以不确定性数值为第一不确定性数值为例进行说明。在一实施例中,所述根据第一不确定性数值,对所述人脸样本图像集中的图像进行筛选处理,以得到第一筛选图像集,即步骤S131包括:
对所述人脸样本图像集中的图像,根据相对应的不确定性数值进行降序排序,将前预设数量个对应的所述图像设置为待标注图像。将所有所述待标注图像设置为待标注图像集。
具体的,通过将人脸样本图像集中的图像按照对应的不确定性数值大小进行降序排列,可以保持序列前的图像都是不确定性较高的图像,再进行选择就能够保持数据的不确定性程度,进而保证用于训练模型的图像训练效率较高。
其中,预设数量可以根据应用的环境进行相应的选择,也可以根据一定的比例设置预设数量。比如,可以选择人脸样本图像集中总图像量的85%作为待标注图像,此时预设数量就是总数量的85%。
在另一实施例中,如图4所示,所述根据第一不确定性数值,对所述人脸样本图像集进行筛选处理,以得到第一筛选图像集,即步骤S131具体包括子步骤S1311、S1312和S1313。
S1311、判断每一所述图像的对应不确定性数值是否大于预设不确定性阀值。
具体的,不确定性数值是根据实际工作环境进行设置的。
S1312、若所述不确定性数值大于所述不确定性阀值,将对应的所述人脸样本图像集设置为待标注图像。

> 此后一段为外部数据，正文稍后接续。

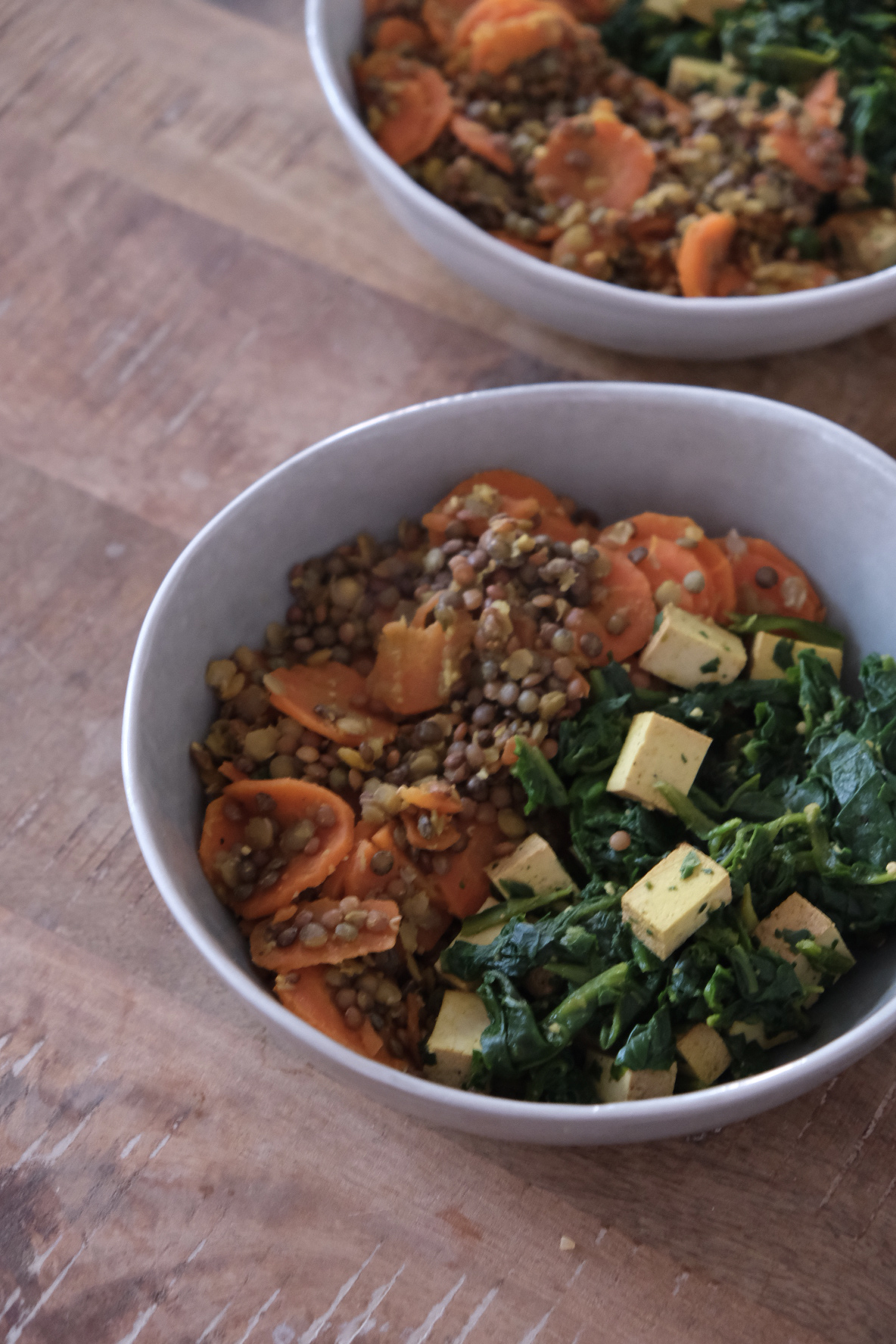 Lentilles carottes épinard tofu fumé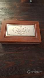 elegante cofanetto portaorologi in legno e velluto con decorazione in argento 925.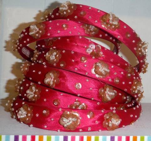 Pink head bands sequins and beads added by hand. Set of seven (great for birthday party) ¥1000 or ¥170 each
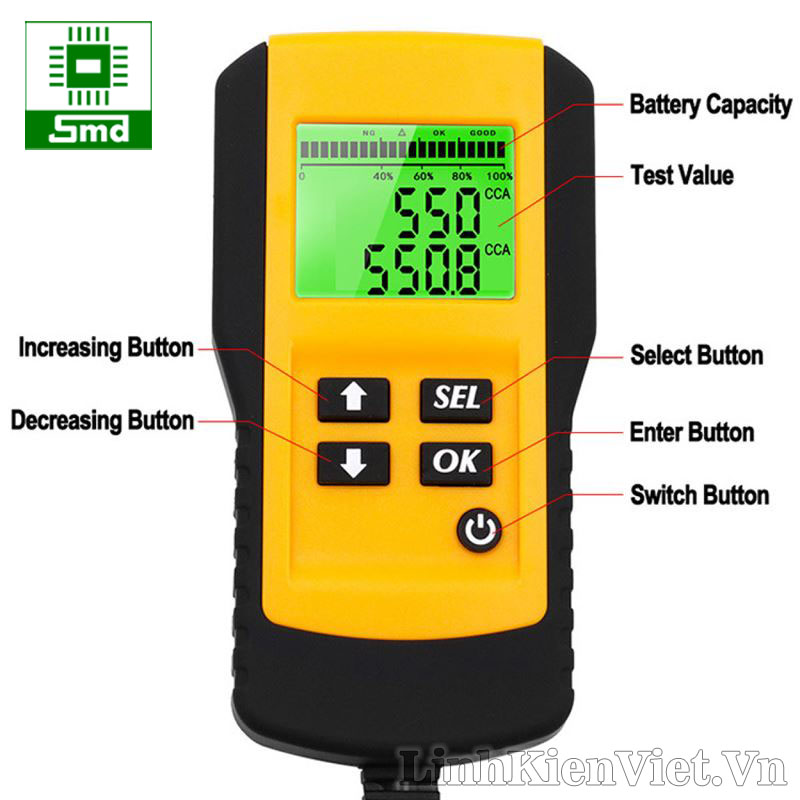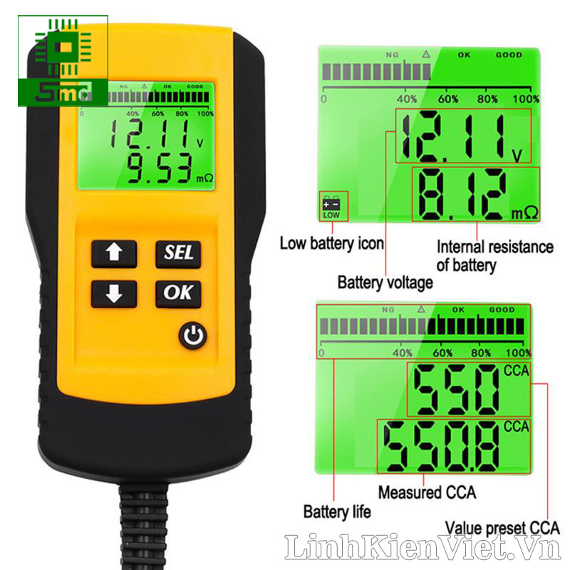 - 1x Máy kiểm tra Acquy xe hơi kỹ thuật số AE300 12V hiển thị LCD

如果人脸样本图像集中某一图像的不确定性数值大于不确定性阀值,表明该图像符合标注的规则,进而对其进行标注处理。
S1313、将所有所述待标注图像设置为待标注图像集。
可以理解的,不确定性数值为第二不确定性数值或第三不确定性数值时可以参照上述步骤,在此不再赘述。
S140、对所述待标注图像集中的图像进行标注处理,以得到已标注的人脸图像集。
标注处理是指将各所述待标注图像与各自对应的类别形成一一对应的关系,就可以得到对应的已标注图像,该已标注图像即为所述脸部验证数据。
在一实施例中,所述对所述待标注图像进行标注处理,即步骤S140,可以包括:接收标注任意输入的与所述待标注图像对应的标注信息;根据审核结果将标注信息与所述待标注图像形成对应关系,得到已标注的人脸图像集;所述审核结果为审核人员对标注信息进行审核处理得到的。
上述图像标注方法,通过对人脸样本图像集分别进行最小置信度分析、边缘采样分析和信息熵分析,得到各自对应的不确定性结果,再对三个不确定性分析结果进行融合,从而可以从不同角度分析出图像的不确定性,增加待标注图像的数量,同时又增加了待标注图像的多样性。对各待标注图像进行标注可以提高模型训练效率,以更少的数据达到更好的效果,提升机器学习的整体效率。
请参阅图5,图5是本申请实施例提供的一种脸部特征提取模型训练方法的步骤示意流程图。
需要说明的是,该训练方法可以选取多个原始学生网络进行模型训练得到对应的候选学生网络。多个可以为两个、三个或者更多。原始学生网络可以为YOLO9000、AlexNet或VGGNet等网络。以下将以多个为两个,两个原始学生网络分别为YOLO9000网络和VGGNet网络为例进行介绍。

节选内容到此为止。